HOW TO COMPLETE THIS TASK:
Word for word, repeat the entries, minus the pictures.

DATA FOR THIS EXERCISE:
★ ★ ★ ★
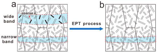 Schematic diagram of microstructural evolutions: (a) as-deposited sample, (b) EPT sample.
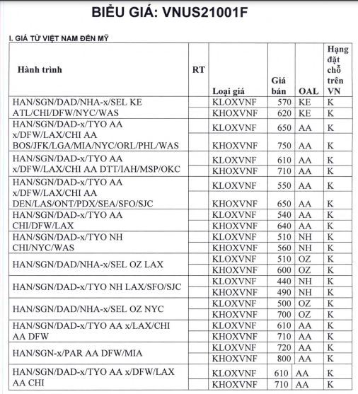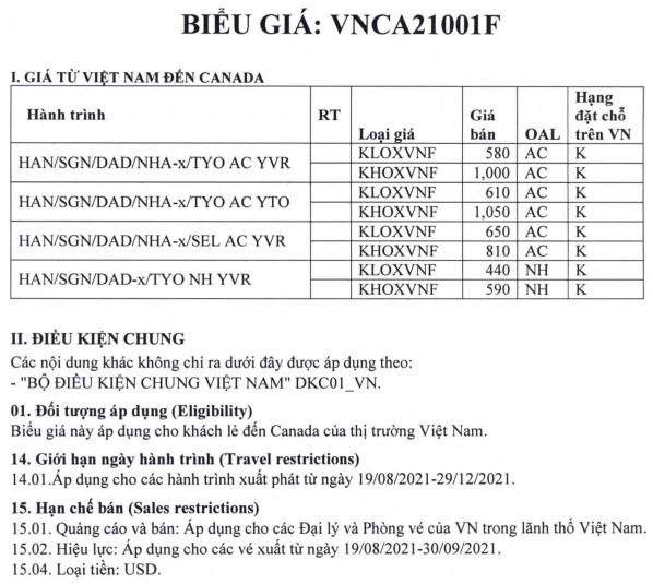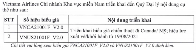 VIETNAM AIRLINES (VN): Thông báo Triển khai biểu giá chiến thuật Canada VNCA21001F_V2.0 và Mỹ VNUS21001F_V2.0
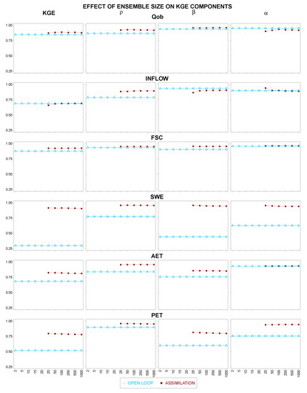 The effect of varying the ensemble size on the KGE and its components (columns) for the six assimilated products (rows). The filled red markers are the assimilations and the horizontal blue dashed lines with hollow triangles are the corresponding open-loop simulations. The reservoir inflow and FSC assimilations crashed with less than 25 members in the ensemble.
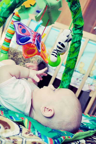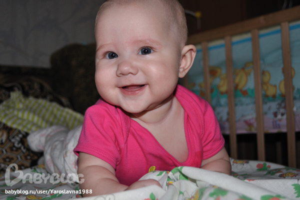 А так мы очень любим улыбаться, смеяться, когда я корчу разные рожицы перед зеркалом, хватать за нос и за губы маму и всех домочадцев))) хватает и тянется ко всем интересующим её предметам, ползёт по пластунски назад (чуть не свалилась с дивана один раз,вовремя я обернулась)
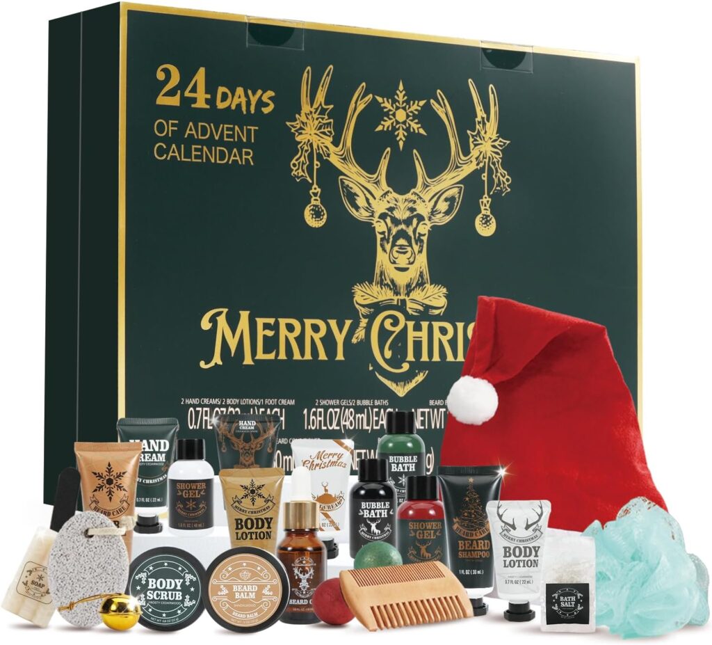 24 sample-size gifts for beard and skincare! Great idea for someone who is travelling home for the holidays!
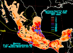 - ↑ a b c Gutiérrez, Prisciliano H.; Jiménez, Elias M.; de la Fuente, Rigoberto M.; Mendiola, Rubén Dario S. (dezembro de 1993). Las inundaciones causadas por el huracán "Gert" sus efectos en Hidalgo, San Luis Potosi, Tamaulipas y Veracruz. Centro Nacional de Prevención de Desastres; archived by Centro de Información Sobre Desastres Y Salud (em espanhol). Mexico City, Mexico: [s.n.] pp. 16, 17
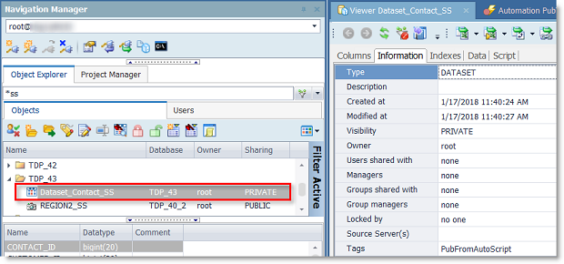 18. To confirm your dataset was published, review the Automation script log, or use the Object Explorer to view objects in the Toad Intelligence Central server to which you published the dataset.
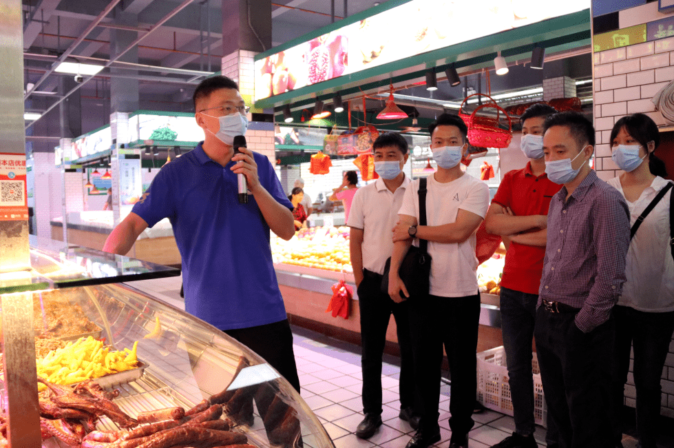 为进一步汲取先进农贸市场的工作经验,本次考察来到了里水沙涌综合市场和禅城领鲜荟华远中心市场。考察组一行人重点了解了沙涌市场内摊位布局规划、肉品“边角料”回收以及熟食档经营环境等,为规范农贸市场交易提供了具有示范意义的经验方法。
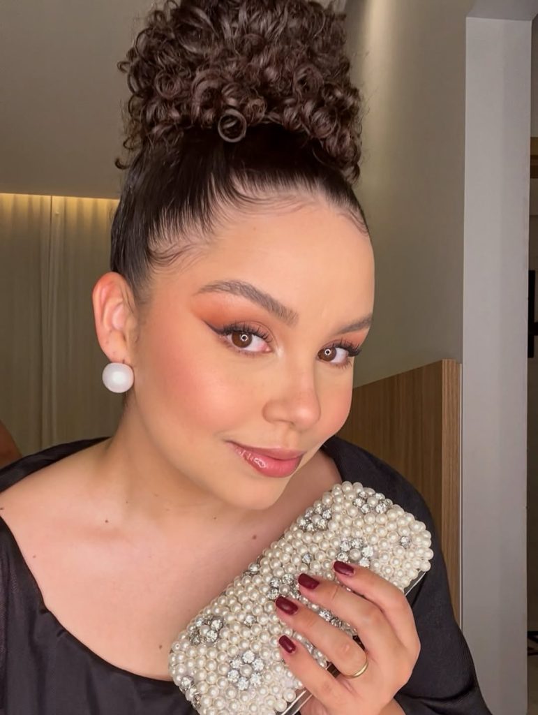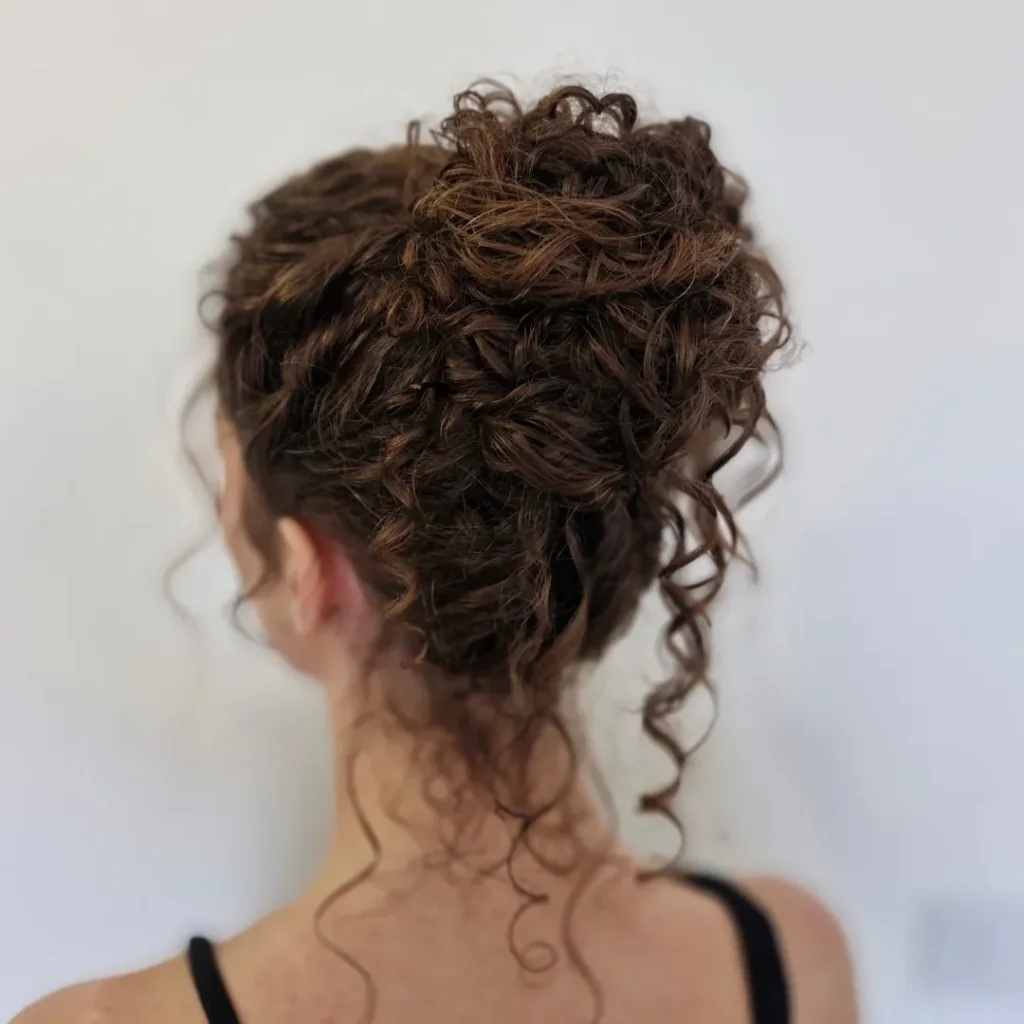 A plush, rounded topknot anchored to a glassy base—chic, secure, and party-ready. Keep tension moderate: brush up with a conditioning gel, fasten with a satin scrunchie, then pin curls so they bloom rather than compress. This is my go-to updo for dinners, birthdays, or any formal invite when you want height without headaches. A soft-edge brush at the hairline and a glossy balm on the bun add that red-carpet gleam.
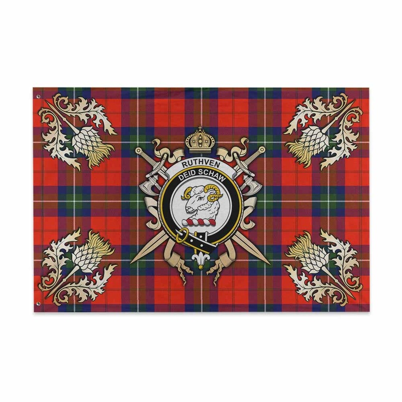 Ruthven Tartan House Flag with Family Crest and Golden Thistle Crossed Sword Design
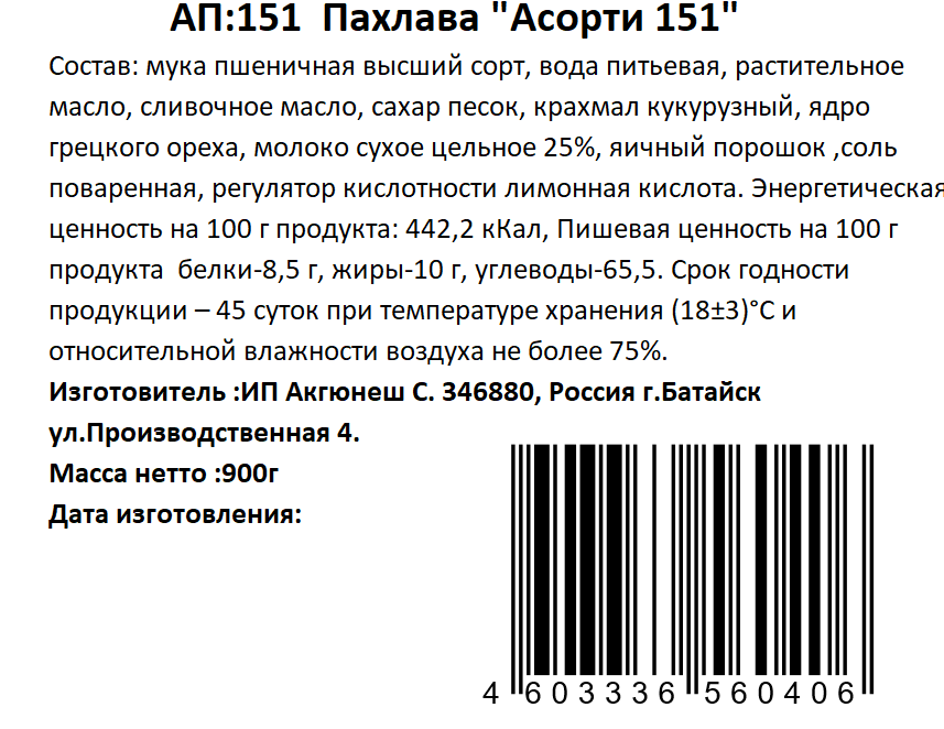Мука пшеничная высший сорт, вода питьевая, растительное масло, сливочное масло, сахар песок, крахмал кукурузный, ядро грецкого ореха, молоко сухое цельное 25%, яичный порошок, соль поваренная, регулятор кислотности лимонная кислота.
★ ★ ★ ★
ANSWER BOX:
 Schematic diagram of microstructural evolutions: (a) as-deposited sample, (b) EPT sample.
 VIETNAM AIRLINES (VN): Thông báo Triển khai biểu giá chiến thuật Canada VNCA21001F_V2.0 và Mỹ VNUS21001F_V2.0
 The effect of varying the ensemble size on the KGE and its components (columns) for the six assimilated products (rows). The filled red markers are the assimilations and the horizontal blue dashed lines with hollow triangles are the corresponding open-loop simulations. The reservoir inflow and FSC assimilations crashed with less than 25 members in the ensemble.
 А так мы очень любим улыбаться, смеяться, когда я корчу разные рожицы перед зеркалом, хватать за нос и за губы маму и всех домочадцев))) хватает и тянется ко всем интересующим её предметам, ползёт по пластунски назад (чуть не свалилась с дивана один раз,вовремя я обернулась)
 24 sample-size gifts for beard and skincare! Great idea for someone who is travelling home for the holidays!
 - ↑ a b c Gutiérrez, Prisciliano H.; Jiménez, Elias M.; de la Fuente, Rigoberto M.; Mendiola, Rubén Dario S. (dezembro de 1993). Las inundaciones causadas por el huracán "Gert" sus efectos en Hidalgo, San Luis Potosi, Tamaulipas y Veracruz. Centro Nacional de Prevención de Desastres; archived by Centro de Información Sobre Desastres Y Salud (em espanhol). Mexico City, Mexico: [s.n.] pp. 16, 17
 18. To confirm your dataset was published, review the Automation script log, or use the Object Explorer to view objects in the Toad Intelligence Central server to which you published the dataset.
 为进一步汲取先进农贸市场的工作经验,本次考察来到了里水沙涌综合市场和禅城领鲜荟华远中心市场。考察组一行人重点了解了沙涌市场内摊位布局规划、肉品“边角料”回收以及熟食档经营环境等,为规范农贸市场交易提供了具有示范意义的经验方法。
 A plush, rounded topknot anchored to a glassy base—chic, secure, and party-ready. Keep tension moderate: brush up with a conditioning gel, fasten with a satin scrunchie, then pin curls so they bloom rather than compress. This is my go-to updo for dinners, birthdays, or any formal invite when you want height without headaches. A soft-edge brush at the hairline and a glossy balm on the bun add that red-carpet gleam.
 Ruthven Tartan House Flag with Family Crest and Golden Thistle Crossed Sword Design
Мука пшеничная высший сорт, вода питьевая, растительное масло, сливочное масло, сахар песок, крахмал кукурузный, ядро грецкого ореха, молоко сухое цельное 25%, яичный порошок, соль поваренная, регулятор кислотности лимонная кислота.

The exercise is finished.